- [RECORDS FOR THE TASK]:

-------

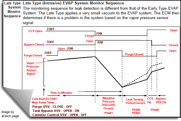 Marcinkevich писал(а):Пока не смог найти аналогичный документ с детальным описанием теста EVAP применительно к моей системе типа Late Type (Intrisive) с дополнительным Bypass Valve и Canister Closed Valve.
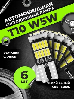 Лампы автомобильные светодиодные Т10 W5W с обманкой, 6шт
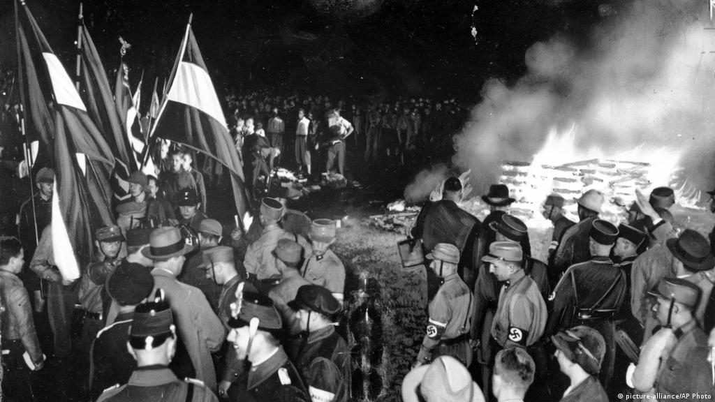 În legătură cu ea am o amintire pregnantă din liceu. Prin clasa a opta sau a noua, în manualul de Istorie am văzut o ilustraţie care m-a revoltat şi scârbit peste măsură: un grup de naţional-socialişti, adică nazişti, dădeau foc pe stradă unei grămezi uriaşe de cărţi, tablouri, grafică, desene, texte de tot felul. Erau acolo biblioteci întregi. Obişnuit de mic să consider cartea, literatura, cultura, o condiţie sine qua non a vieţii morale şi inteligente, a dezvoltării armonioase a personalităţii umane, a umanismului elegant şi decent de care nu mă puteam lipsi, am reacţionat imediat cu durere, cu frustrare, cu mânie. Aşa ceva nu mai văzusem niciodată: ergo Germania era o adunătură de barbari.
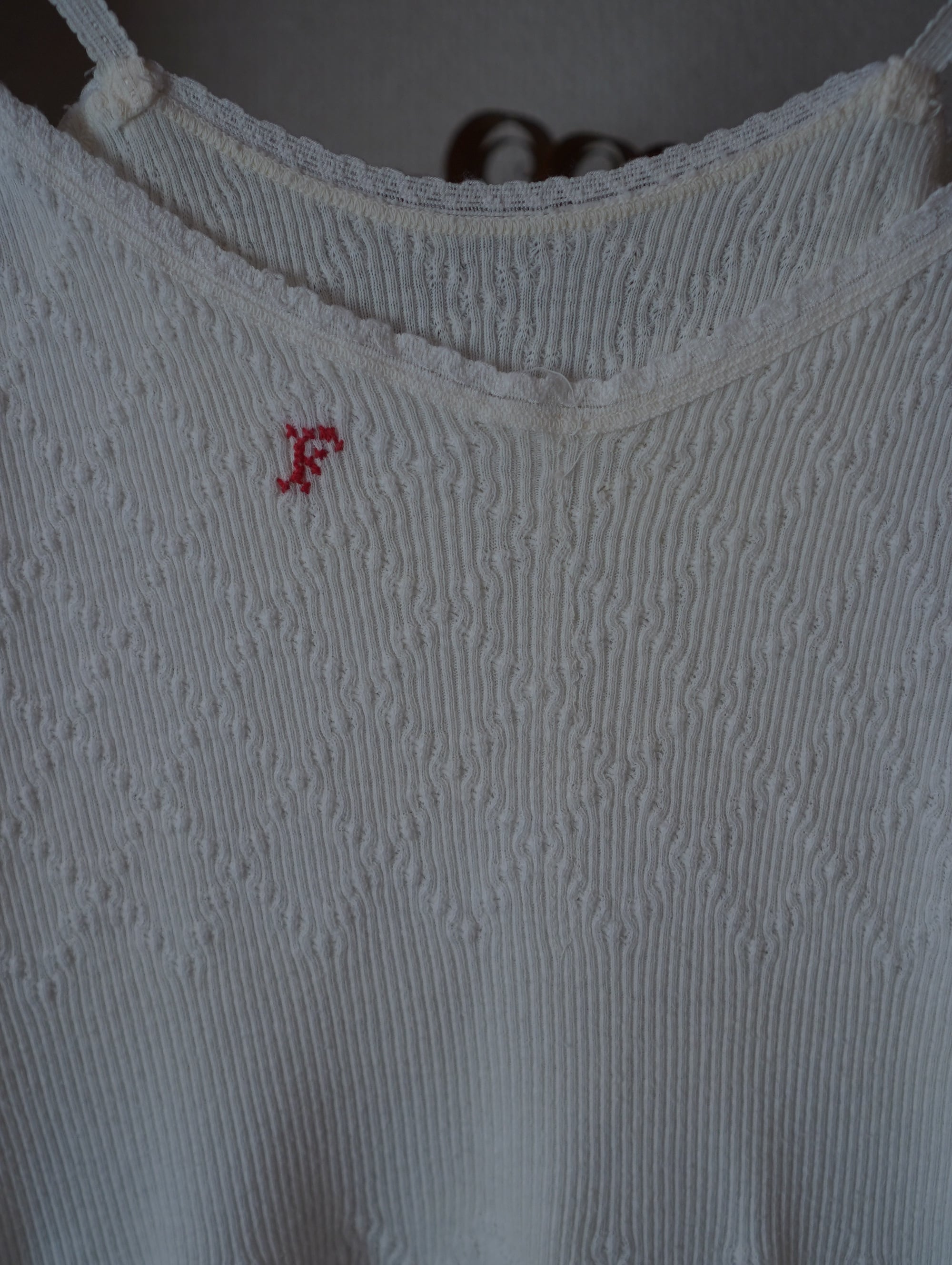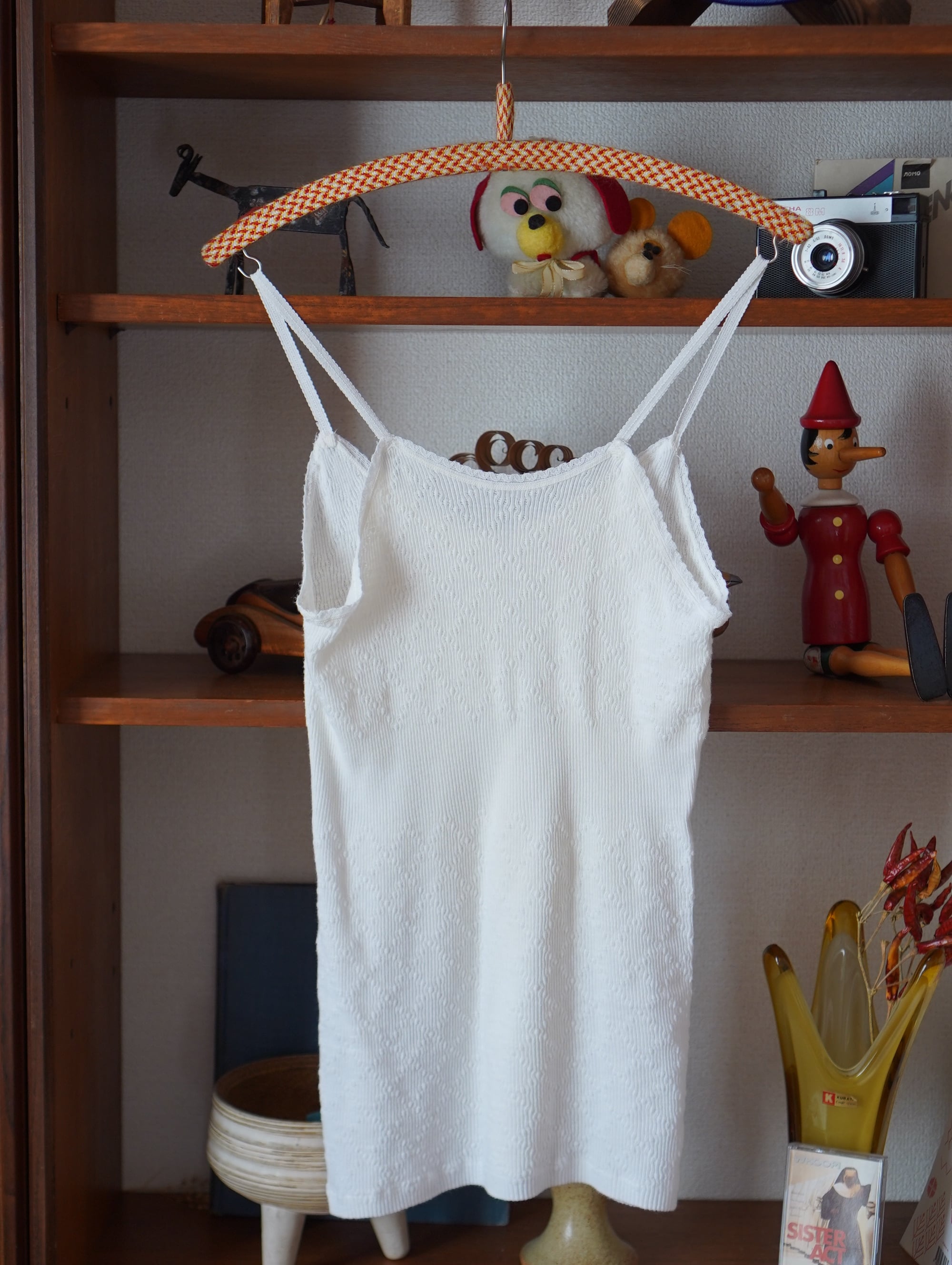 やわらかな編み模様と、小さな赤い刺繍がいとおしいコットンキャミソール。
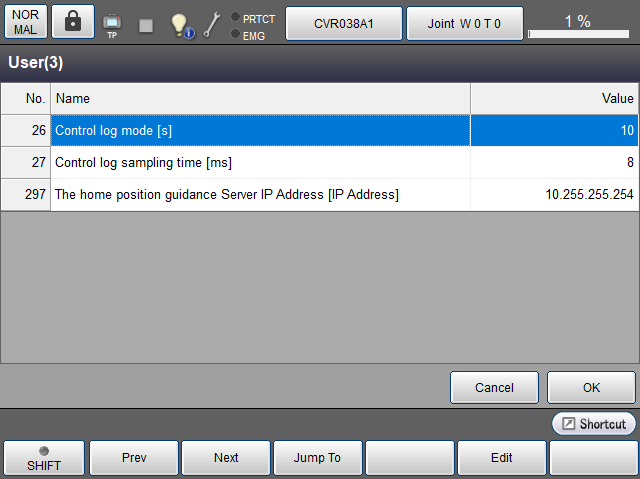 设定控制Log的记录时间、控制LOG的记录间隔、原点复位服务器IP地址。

-------

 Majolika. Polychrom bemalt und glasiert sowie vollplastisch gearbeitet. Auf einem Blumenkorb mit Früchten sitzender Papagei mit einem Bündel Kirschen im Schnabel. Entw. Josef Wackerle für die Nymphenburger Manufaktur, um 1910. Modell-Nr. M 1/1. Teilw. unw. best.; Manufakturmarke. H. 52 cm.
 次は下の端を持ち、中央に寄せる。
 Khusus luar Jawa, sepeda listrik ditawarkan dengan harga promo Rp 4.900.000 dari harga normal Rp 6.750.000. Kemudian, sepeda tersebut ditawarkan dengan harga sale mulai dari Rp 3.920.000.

-------

- [ABOUT THIS TASK]:
The answer must be the lines above from the one containing "Marcinkevich писал(а):Пока не" through the one containing "În legătură cu", reproduced exactly, with no pictures and nothing else.

- [RESPONSE AREA]:
 Marcinkevich писал(а):Пока не смог найти аналогичный документ с детальным описанием теста EVAP применительно к моей системе типа Late Type (Intrisive) с дополнительным Bypass Valve и Canister Closed Valve.
 Лампы автомобильные светодиодные Т10 W5W с обманкой, 6шт
 În legătură cu ea am o amintire pregnantă din liceu. Prin clasa a opta sau a noua, în manualul de Istorie am văzut o ilustraţie care m-a revoltat şi scârbit peste măsură: un grup de naţional-socialişti, adică nazişti, dădeau foc pe stradă unei grămezi uriaşe de cărţi, tablouri, grafică, desene, texte de tot felul. Erau acolo biblioteci întregi. Obişnuit de mic să consider cartea, literatura, cultura, o condiţie sine qua non a vieţii morale şi inteligente, a dezvoltării armonioase a personalităţii umane, a umanismului elegant şi decent de care nu mă puteam lipsi, am reacţionat imediat cu durere, cu frustrare, cu mânie. Aşa ceva nu mai văzusem niciodată: ergo Germania era o adunătură de barbari.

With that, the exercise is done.